─── Listed entries

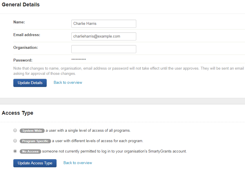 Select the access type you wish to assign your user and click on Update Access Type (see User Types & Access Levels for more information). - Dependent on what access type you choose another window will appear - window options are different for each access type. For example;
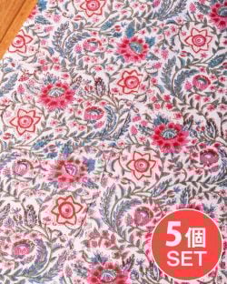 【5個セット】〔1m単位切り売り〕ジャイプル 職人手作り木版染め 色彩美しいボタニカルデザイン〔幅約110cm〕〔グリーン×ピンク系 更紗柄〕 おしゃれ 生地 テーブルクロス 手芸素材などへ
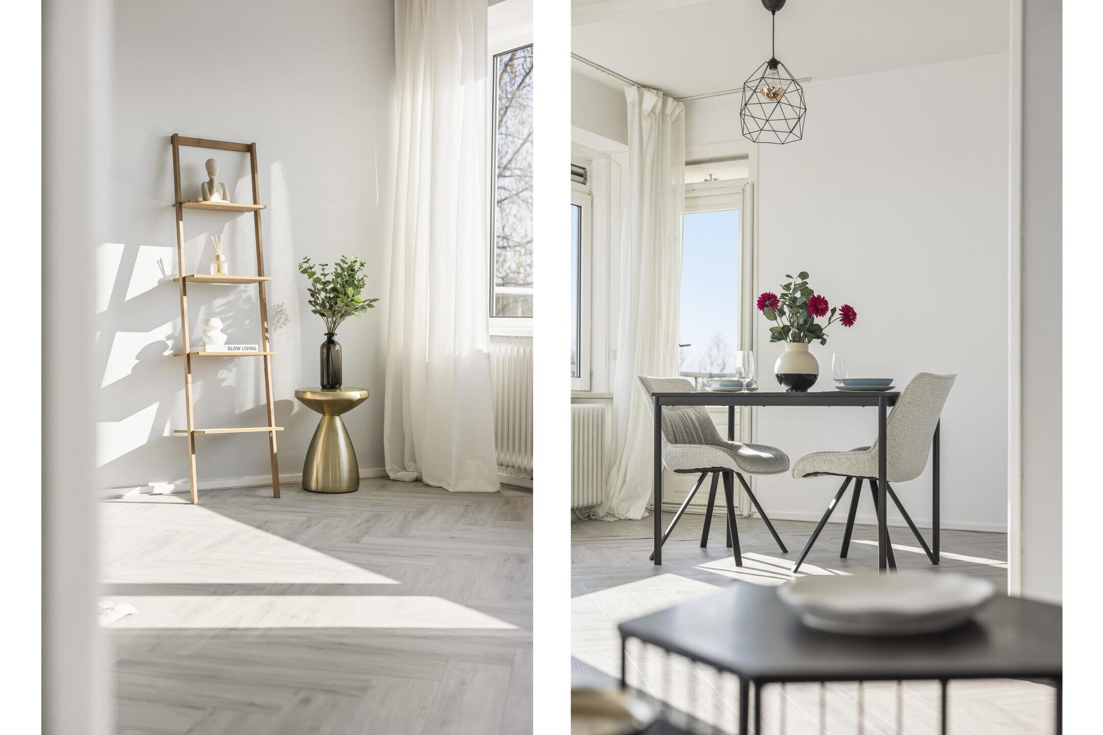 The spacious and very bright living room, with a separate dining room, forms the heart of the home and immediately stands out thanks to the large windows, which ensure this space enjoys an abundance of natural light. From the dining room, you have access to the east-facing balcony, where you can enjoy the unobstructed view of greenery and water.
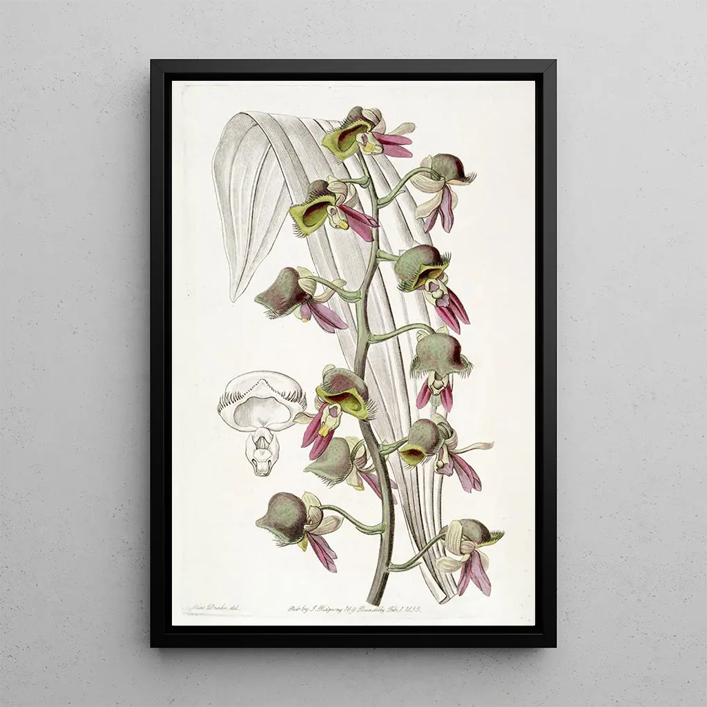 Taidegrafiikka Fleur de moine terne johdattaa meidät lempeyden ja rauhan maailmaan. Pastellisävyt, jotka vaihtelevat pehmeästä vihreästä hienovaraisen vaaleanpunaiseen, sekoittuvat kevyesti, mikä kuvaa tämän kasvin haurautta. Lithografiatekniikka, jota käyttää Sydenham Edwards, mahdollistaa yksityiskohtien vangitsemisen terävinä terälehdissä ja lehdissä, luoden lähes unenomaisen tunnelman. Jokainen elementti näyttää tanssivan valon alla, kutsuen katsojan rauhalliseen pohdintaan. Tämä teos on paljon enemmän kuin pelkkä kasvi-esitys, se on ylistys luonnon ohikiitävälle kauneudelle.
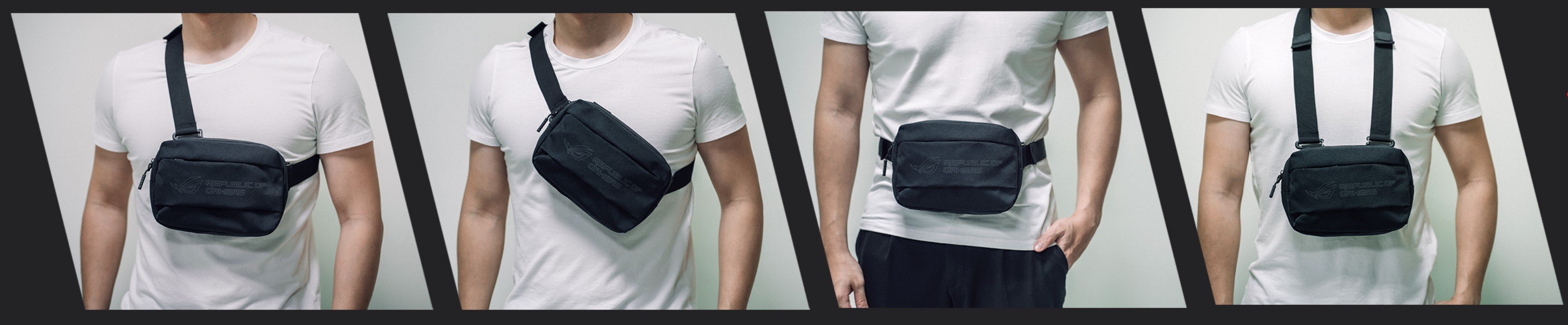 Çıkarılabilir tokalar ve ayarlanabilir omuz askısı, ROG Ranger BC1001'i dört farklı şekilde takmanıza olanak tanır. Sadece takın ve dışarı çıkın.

──────

_What to work on_.
Repeat exactly the lines from the start of the entries down to the line with "The spacious and", keeping both ends but none of the pictures.

_Solution for this exercise_.
 Select the access type you wish to assign your user and click on Update Access Type (see User Types & Access Levels for more information). - Dependent on what access type you choose another window will appear - window options are different for each access type. For example;
 【5個セット】〔1m単位切り売り〕ジャイプル 職人手作り木版染め 色彩美しいボタニカルデザイン〔幅約110cm〕〔グリーン×ピンク系 更紗柄〕 おしゃれ 生地 テーブルクロス 手芸素材などへ
 The spacious and very bright living room, with a separate dining room, forms the heart of the home and immediately stands out thanks to the large windows, which ensure this space enjoys an abundance of natural light. From the dining room, you have access to the east-facing balcony, where you can enjoy the unobstructed view of greenery and water.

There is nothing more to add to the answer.